_What the task requires_. Everything in the records below from the line containing "Fototapeta premium Blank" through the line containing "в полевых условиях." is to be reproduced exactly, those two lines included; no picture is to be copied.

_Task material_.

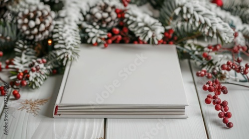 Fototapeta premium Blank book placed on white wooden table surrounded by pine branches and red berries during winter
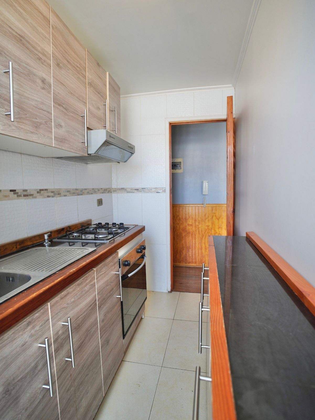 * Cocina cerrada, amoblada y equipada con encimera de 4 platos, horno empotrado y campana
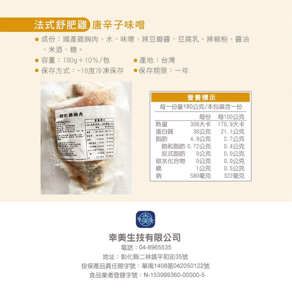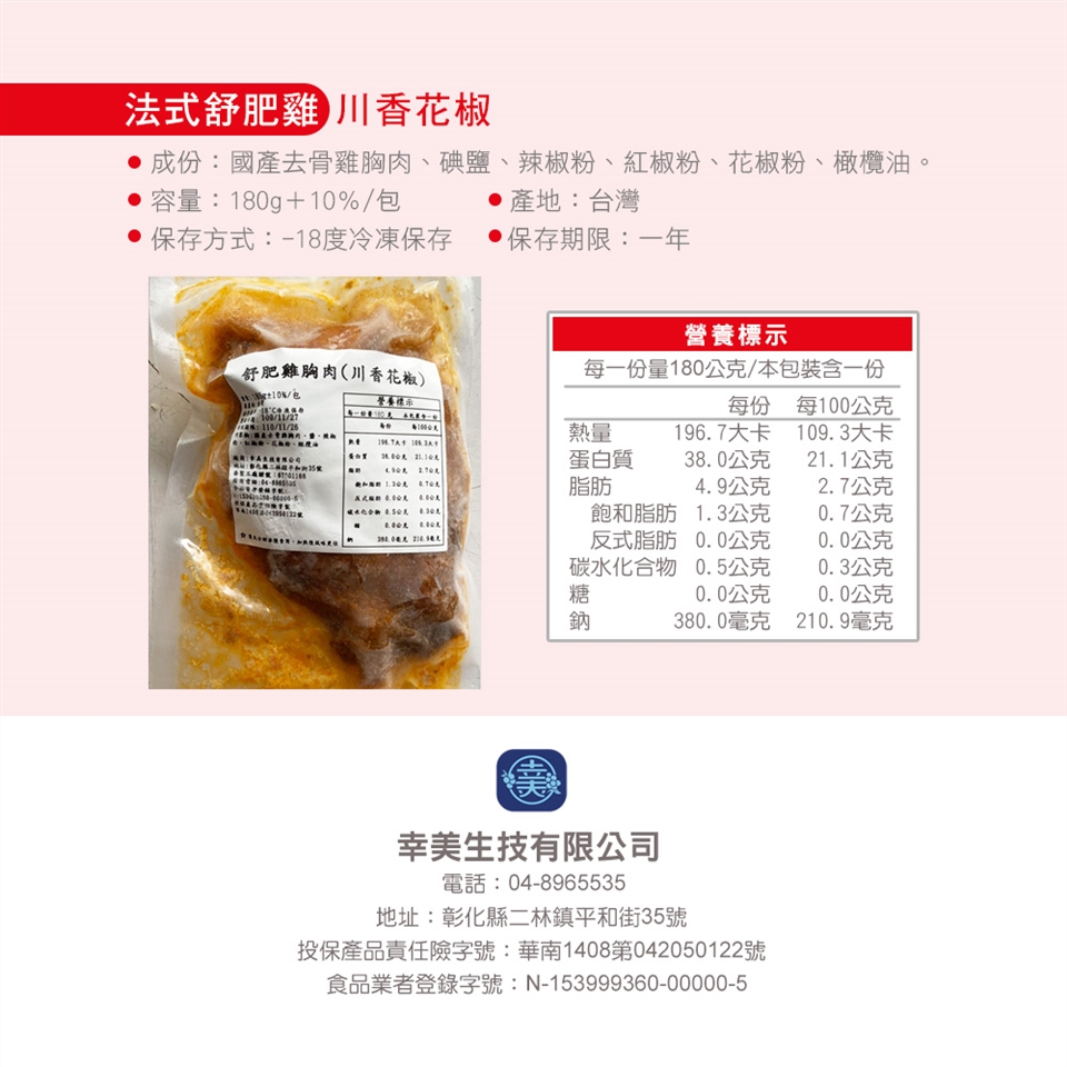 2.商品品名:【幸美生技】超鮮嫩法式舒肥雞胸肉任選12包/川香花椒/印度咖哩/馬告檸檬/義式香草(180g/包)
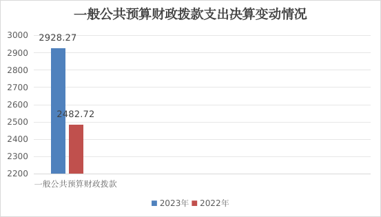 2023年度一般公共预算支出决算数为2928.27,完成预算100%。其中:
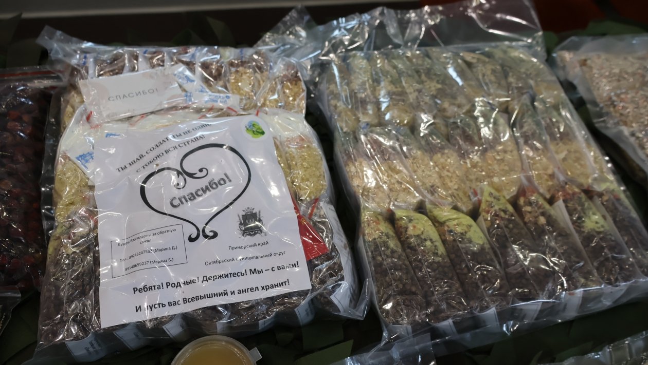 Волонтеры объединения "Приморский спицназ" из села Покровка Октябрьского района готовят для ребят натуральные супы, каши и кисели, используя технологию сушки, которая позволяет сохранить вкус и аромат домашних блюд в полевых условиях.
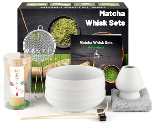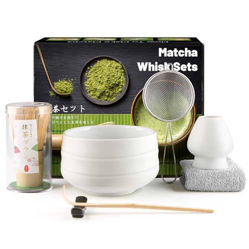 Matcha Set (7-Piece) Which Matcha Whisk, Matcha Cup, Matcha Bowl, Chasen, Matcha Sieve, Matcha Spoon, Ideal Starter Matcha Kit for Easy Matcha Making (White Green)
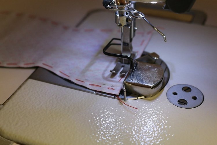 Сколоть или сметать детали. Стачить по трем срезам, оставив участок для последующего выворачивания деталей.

* * *

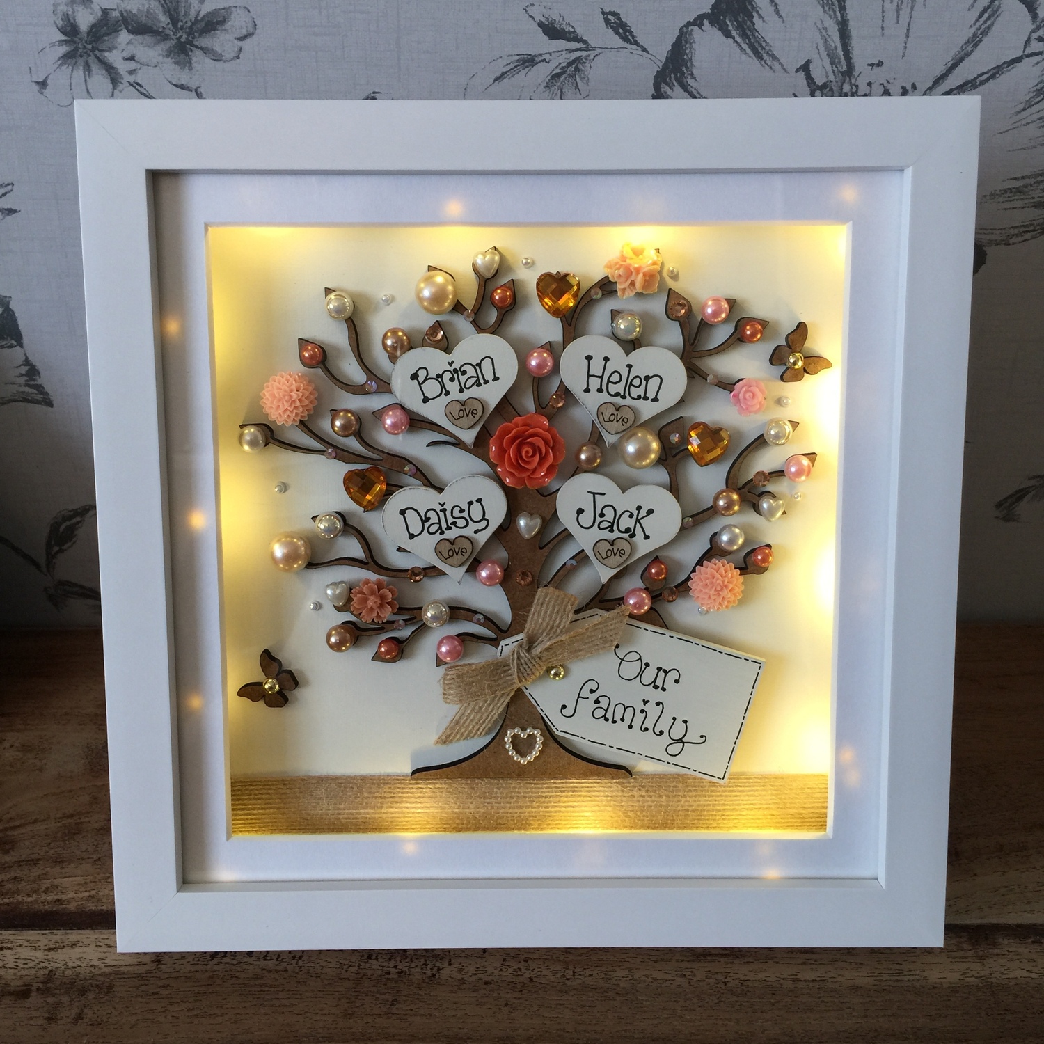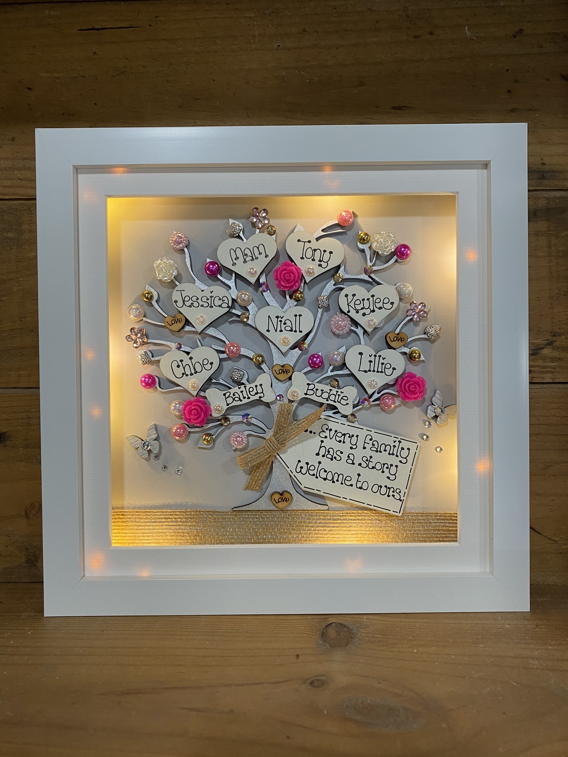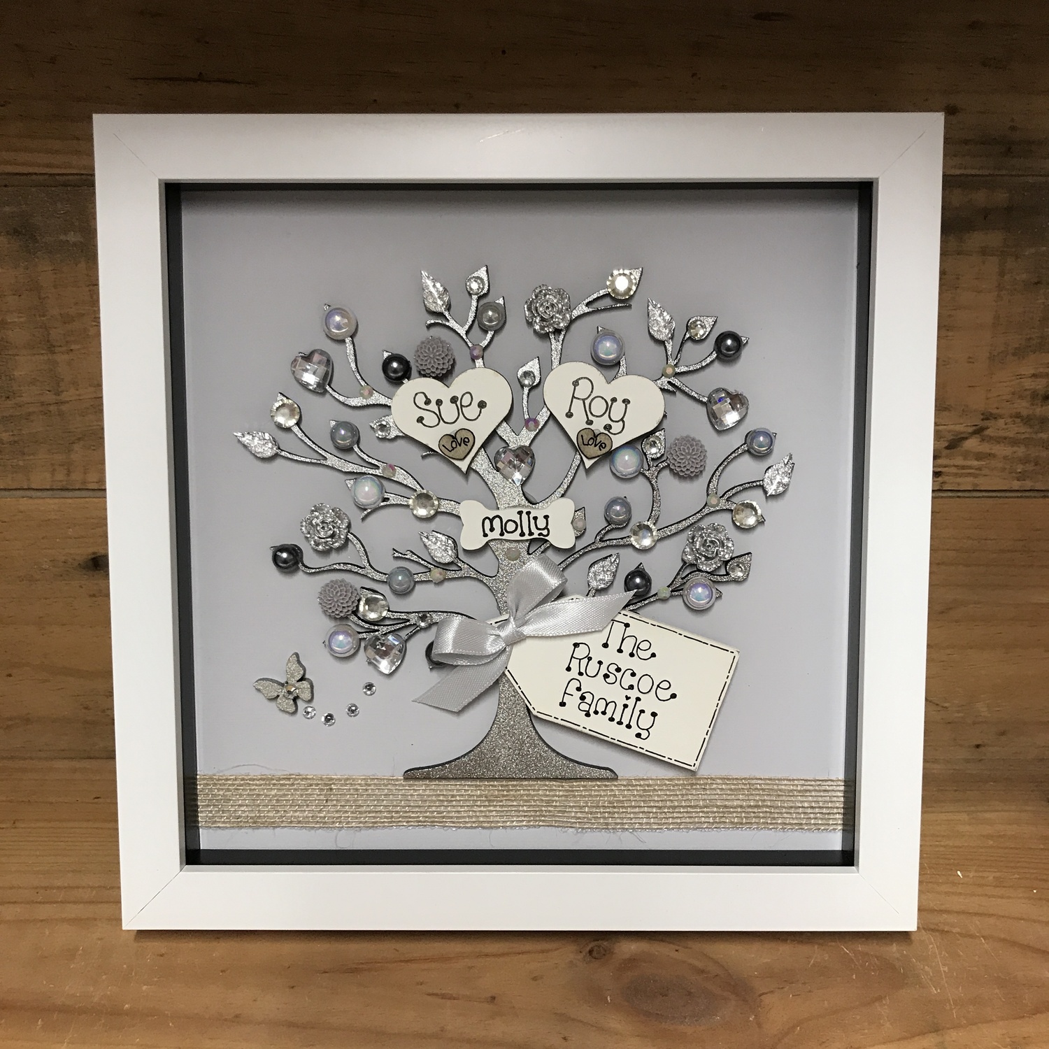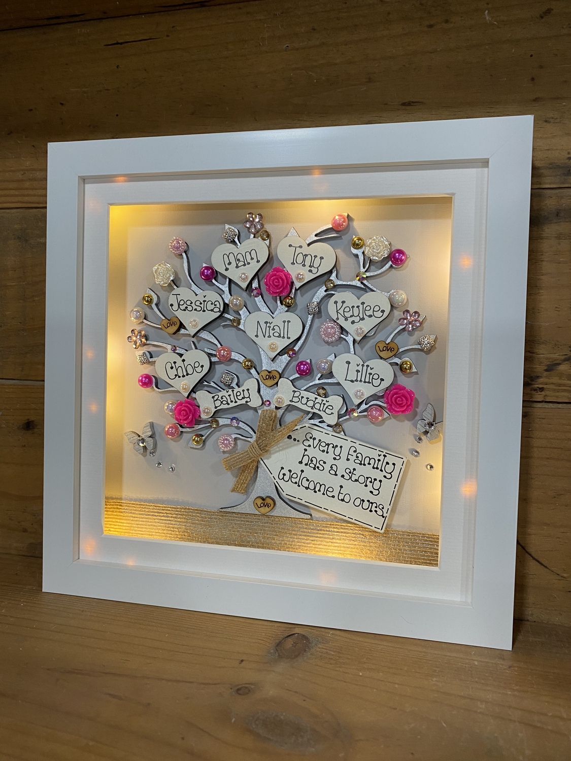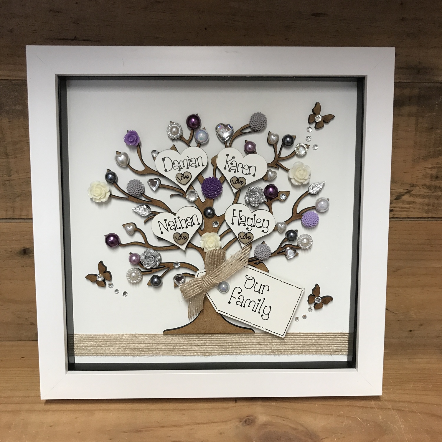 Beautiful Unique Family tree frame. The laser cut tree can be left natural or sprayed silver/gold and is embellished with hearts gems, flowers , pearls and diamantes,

_Solved exercise_.
 Fototapeta premium Blank book placed on white wooden table surrounded by pine branches and red berries during winter
 * Cocina cerrada, amoblada y equipada con encimera de 4 platos, horno empotrado y campana
 2.商品品名:【幸美生技】超鮮嫩法式舒肥雞胸肉任選12包/川香花椒/印度咖哩/馬告檸檬/義式香草(180g/包)
 2023年度一般公共预算支出决算数为2928.27,完成预算100%。其中:
 Волонтеры объединения "Приморский спицназ" из села Покровка Октябрьского района готовят для ребят натуральные супы, каши и кисели, используя технологию сушки, которая позволяет сохранить вкус и аромат домашних блюд в полевых условиях.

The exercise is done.